On Wed, May 4, 2016 at 9:44 PM, Bijay Kumar Pathak  wrote:

> Hi,
>
> I am reading the parquet file around 50+ G which has 4013 partitions with
> 240 columns. Below is my configuration
>
> driver : 20G memory with 4 cores
> executors: 45 executors with 15G memory and 4 cores.
>
> I tried to read the data using both Dataframe read and using hive context
> to read the data using hive SQL but for the both cases, it throws me below
> error with no  further description on error.
>
> hive_context.sql("select * from test.base_table where
> date='{0}'".format(part_dt))
> sqlcontext.read.parquet("/path/to/partion/")
>
> #
> # java.lang.OutOfMemoryError: Requested array size exceeds VM limit
> # -XX:OnOutOfMemoryError="kill -9 %p"
> #   Executing /bin/sh -c "kill -9 16953"...
>
>
> What could be wrong over here since I think increasing memory only will
> not help in this case since it reached the array size limit.
>
> Thanks,
> Bijay
>



-- 
--
Cheers,
Praj


Re: SqlContext parquet read OutOfMemoryError: Requested array size exceeds VM limit error

2016-05-04 Thread Ted Yu
Have you seen this thread ?

http://search-hadoop.com/m/q3RTtyXr2N13hf9O=java+lang+OutOfMemoryError+Requested+array+size+exceeds+VM+limit

On Wed, May 4, 2016 at 2:44 PM, Bijay Kumar Pathak  wrote:

> Hi,
>
> I am reading the parquet file around 50+ G which has 4013 partitions with
> 240 columns.
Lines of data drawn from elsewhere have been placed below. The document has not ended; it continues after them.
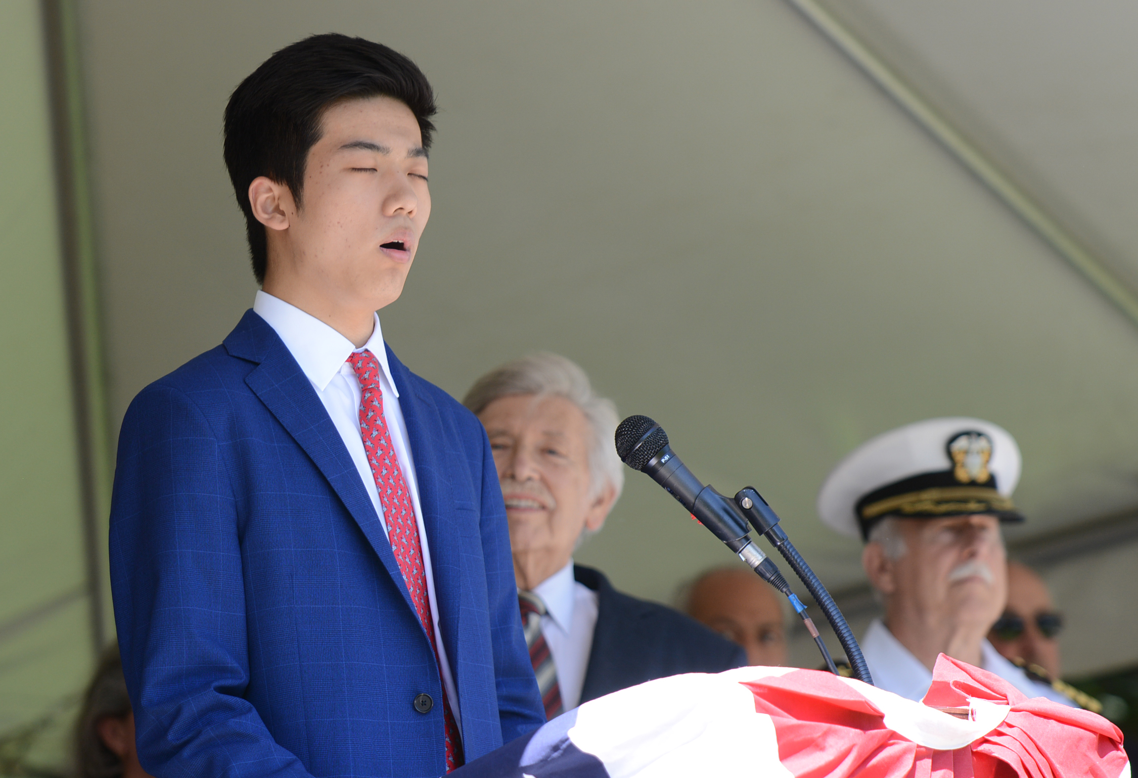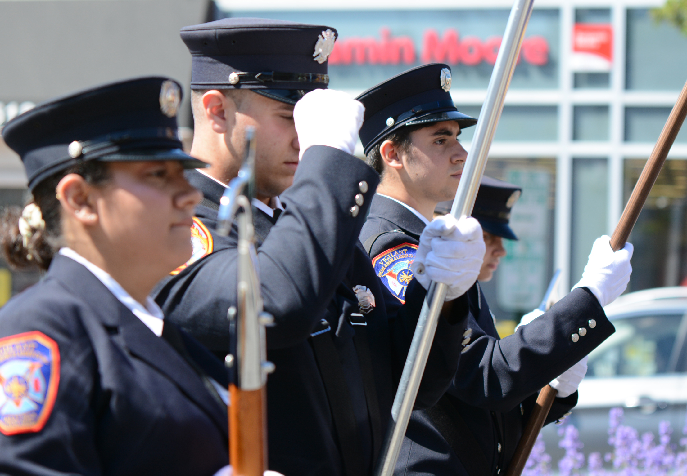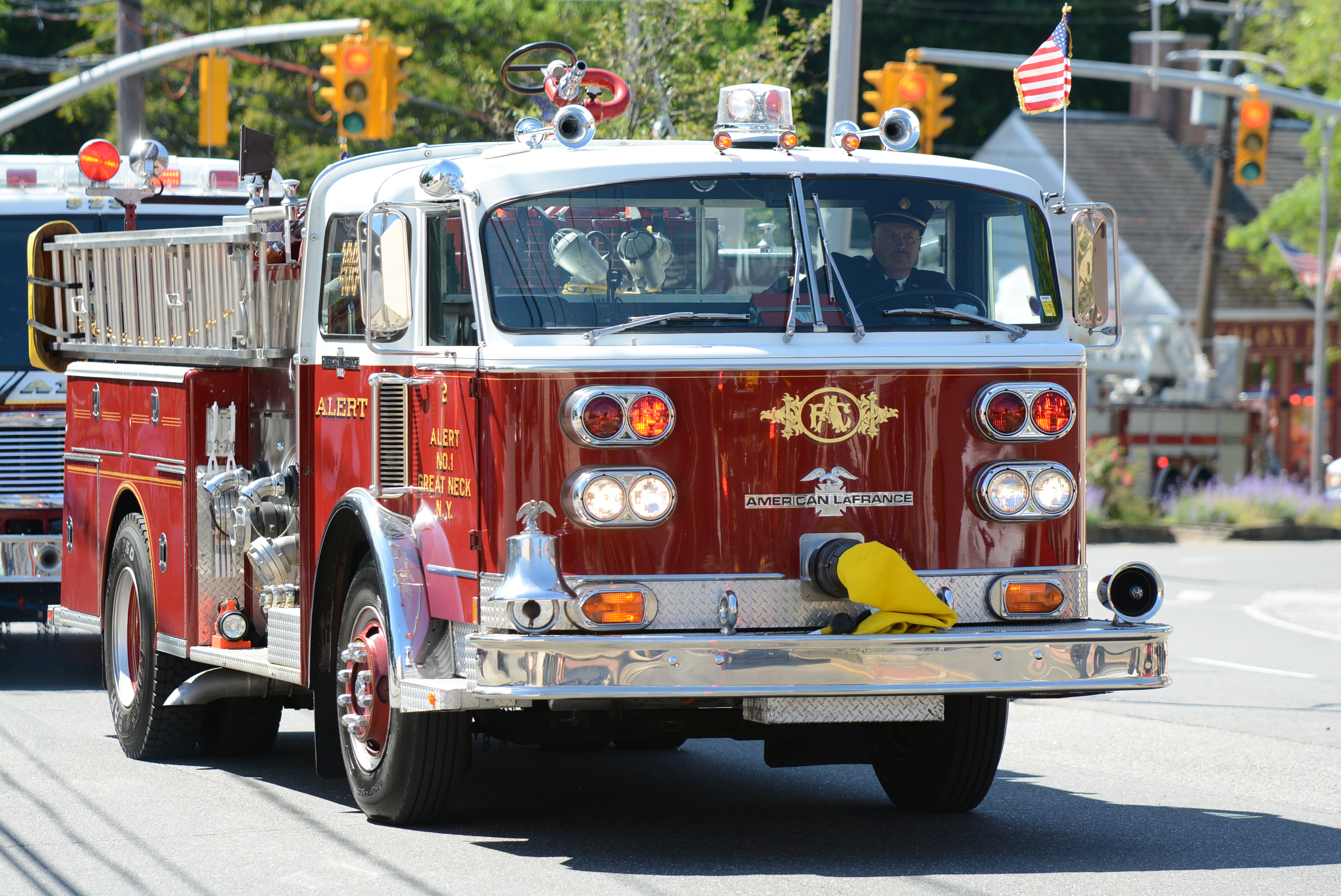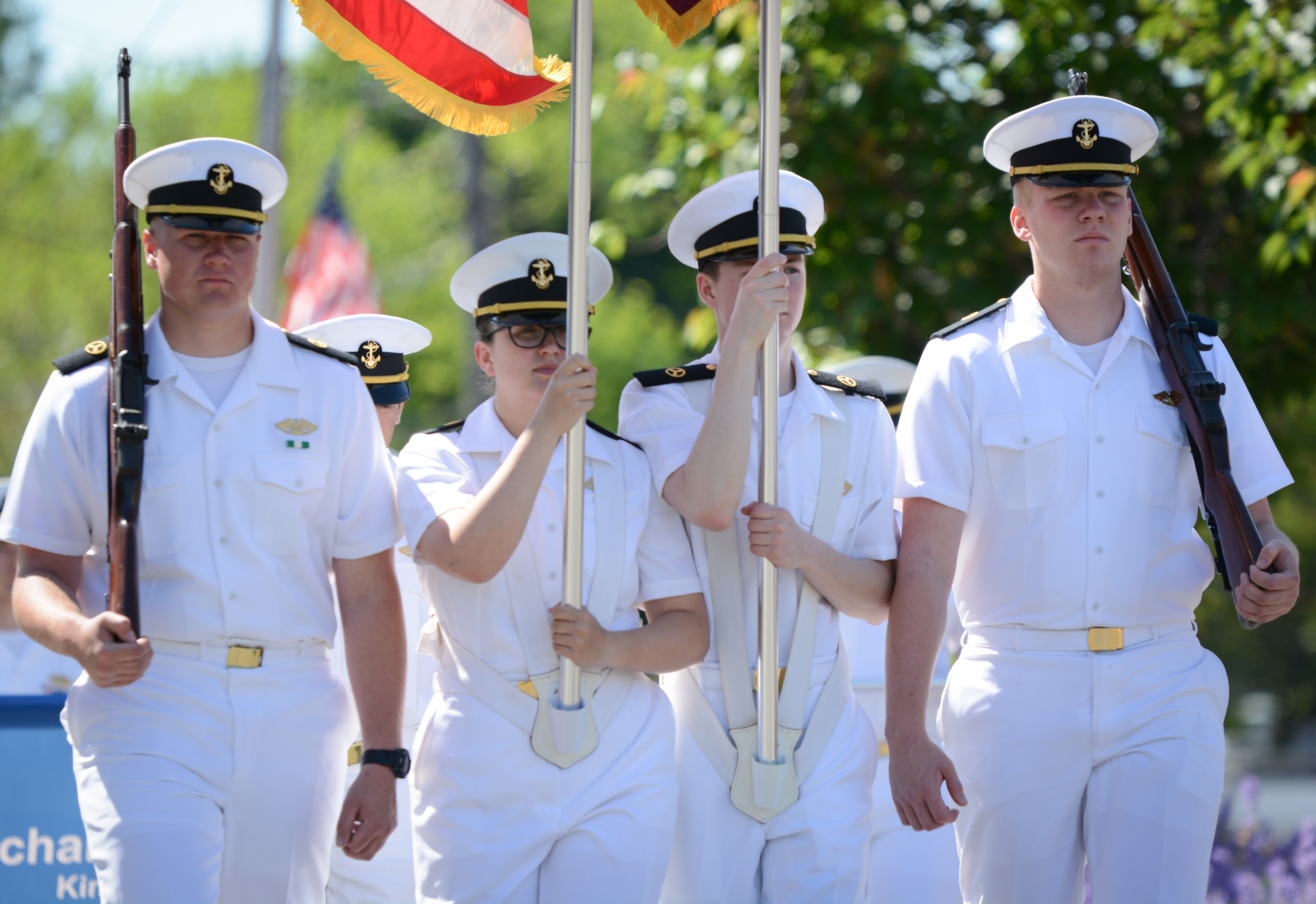 Midshipmen from the U.S. Merchant Marine Academy, veterans groups, Scouts, first responders and elected officials marched up Middle Neck Road, playing tunes, greeting crowds and waving flags. The march stopped at the Village Green for a Memorial Day ceremony to honor veterans.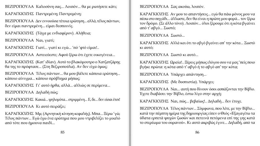 ΒΕΖΙΡΟΠΟΥΛΑ Αστειεύεστε; Αφού ξέρω ότι έχετε οικογένεια... ΚΑΡΑΓΚΙΟΖΗΣ (Κατ' ιδίαν). Αυτό το βλακόμουτρο ο Χατζατζάρης θα της το πρόφτασε...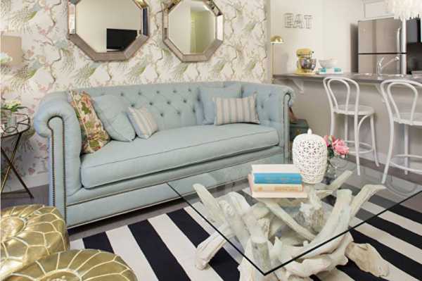 Яркие вкрапления в виде мебели или декора разнообразят дизайн, а нейтральные оттенки скроют недостатки маленьких гостиных.
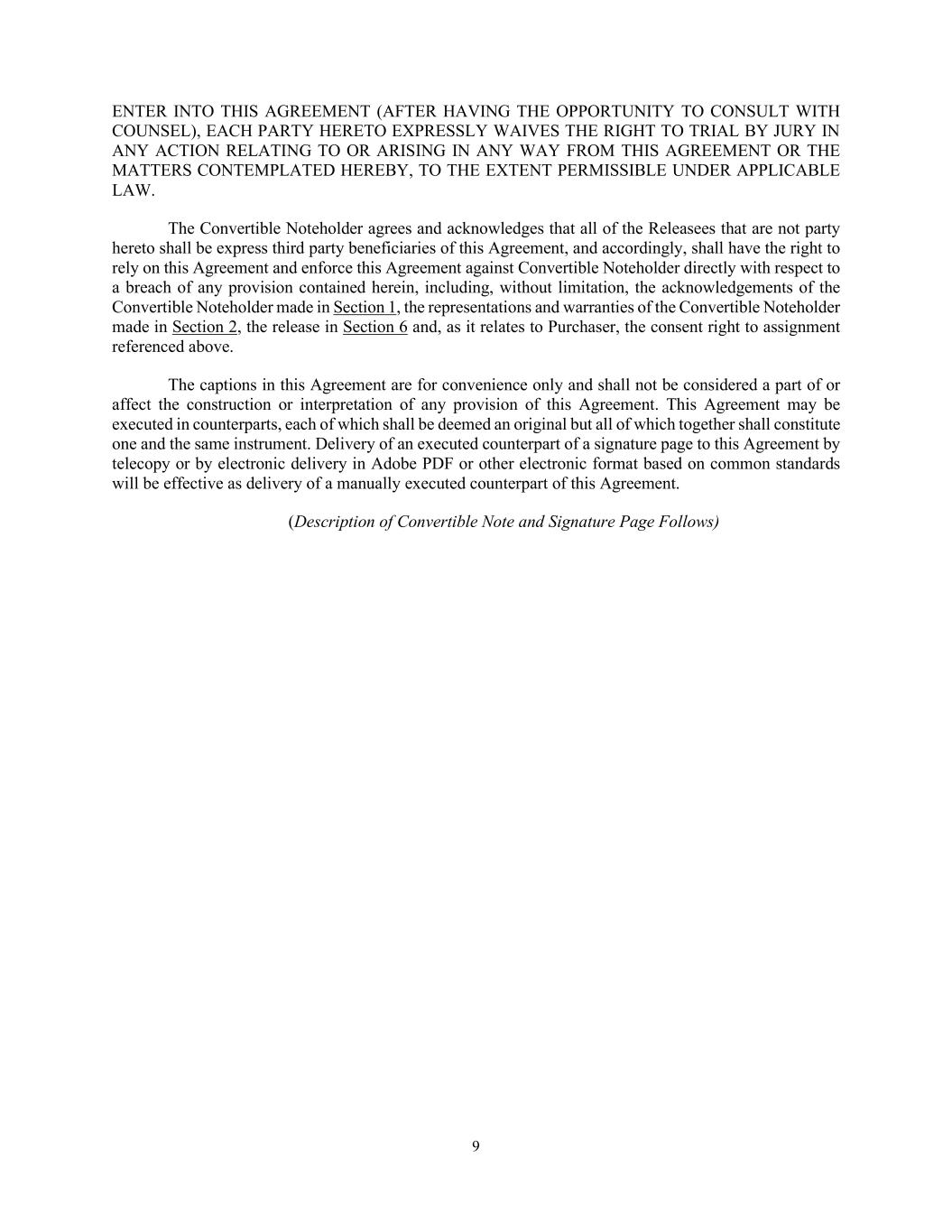 9 ENTER INTO THIS AGREEMENT (AFTER HAVING THE OPPORTUNITY TO CONSULT WITH COUNSEL), EACH PARTY HERETO EXPRESSLY WAIVES THE RIGHT TO TRIAL BY JURY IN ANY ACTION RELATING TO OR ARISING IN ANY WAY FROM THIS AGREEMENT OR THE MATTERS CONTEMPLATED HEREBY, TO THE EXTENT PERMISSIBLE UNDER APPLICABLE LAW. The Convertible Noteholder agrees and acknowledges that all of the Releasees that are not party hereto shall be express third party beneficiaries of this Agreement, and accordingly, shall have the right to rely on this Agreement and enforce this Agreement against Convertible Noteholder directly with respect to a breach of any provision contained herein, including, without limitation, the acknowledgements of the Convertible Noteholder made in Section 1, the representations and warranties of the Convertible Noteholder made in Section 2, the release in Section 6 and, as it relates to Purchaser, the consent right to assignment referenced above. The captions in this Agreement are for convenience only and shall not be considered a part of or affect the construction or interpretation of any provision of this Agreement. This Agreement may be executed in counterparts, each of which shall be deemed an original but all of which together shall constitute one and the same instrument. Delivery of an executed counterpart of a signature page to this Agreement by telecopy or by electronic delivery in Adobe PDF or other electronic format based on common standards will be effective as delivery of a manually executed counterpart of this Agreement. (Description of Convertible Note and Signature Page Follows)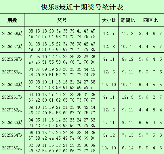 福彩快乐8第2025265期开奖回顾:02 09 11 16 18 27 28 35 36 38 49 52 54 60 62 64 66 72 77 78,其中奖号四区比为5:5:4:6,奇偶比为6:14,大小比为10:10。
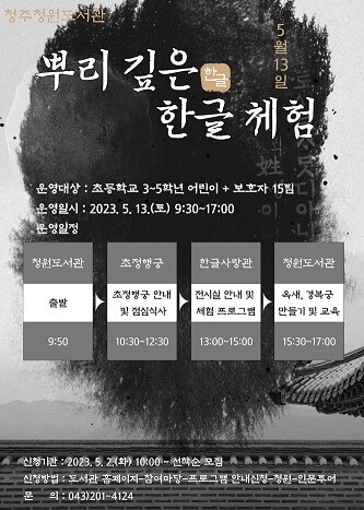 청원도서관은 세종대왕 탄신일(5월 15일)을 기념해 ‘세종대왕의 발자취를 찾아서, 언어 탐방기’를 주제로 삼고, ‘뿌리 깊은 한글 체험’코스를 운영한다.
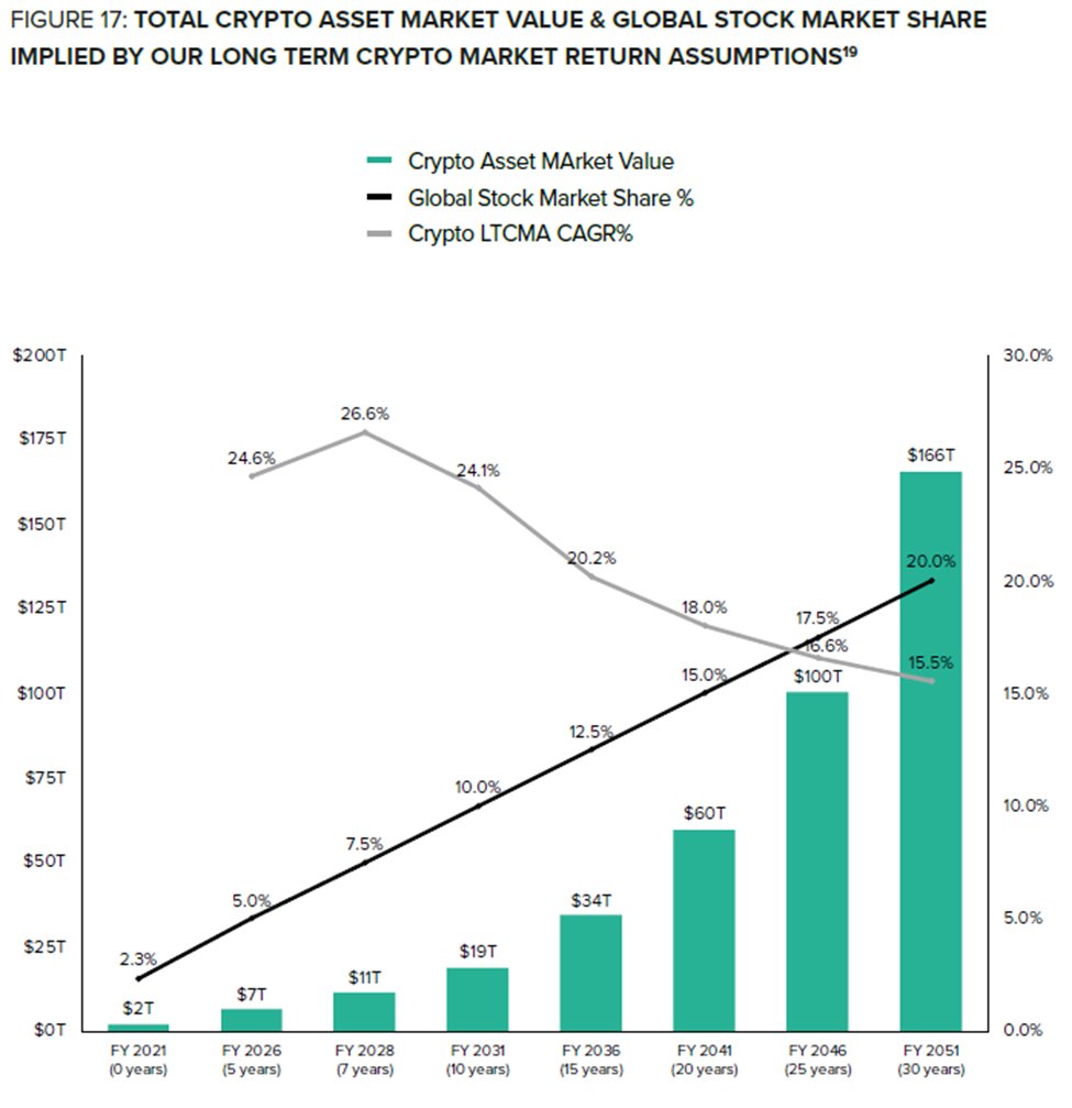 18/ Our LTCMAs are based on the view that the asset category can continue to disrupt the tech sector by gaining a greater share of global stock market value over the next 30 years as a rate that conservatively approximating the internet’s share growth from 1996 to 2021.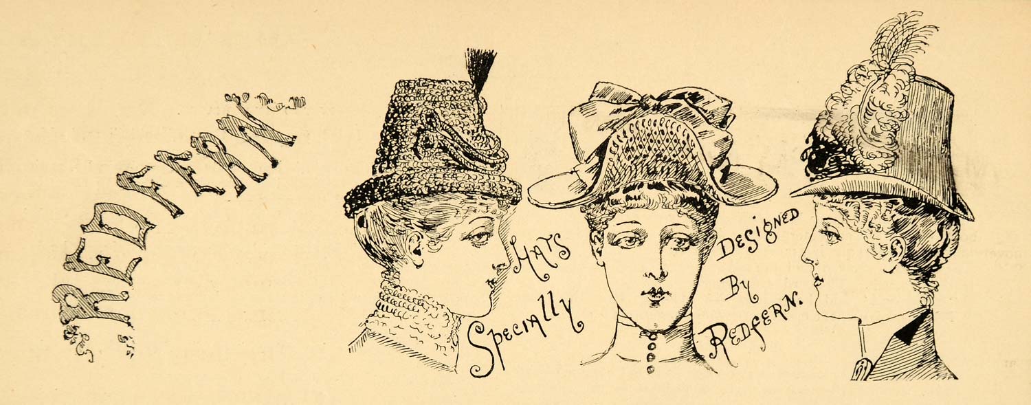 This is an original 1885 black and white print ad for Redfern, 210 Fifth Avenue, New York (next to Delmonico's). A varied stock of ladies' hats in the newest fashions.

Below is my configuration
>
> driver : 20G memory with 4 cores
> executors: 45 executors with 15G memory and 4 cores.
>
> I tried to read the data using both Dataframe read and using hive context
> to read the data using hive SQL but for the both cases, it throws me below
> error with no  further description on error.
>
> hive_context.sql("select * from test.base_table where
> date='{0}'".format(part_dt))
> sqlcontext.read.parquet("/path/to/partion/")
>
> #
> # java.lang.OutOfMemoryError: Requested array size exceeds VM limit
> # -XX:OnOutOfMemoryError="kill -9 %p"
> #   Executing /bin/sh -c "kill -9 16953"...
>
>
> What could be wrong over here since I think increasing memory only will
> not help in this case since it reached the array size limit.
>
> Thanks,
> Bijay
>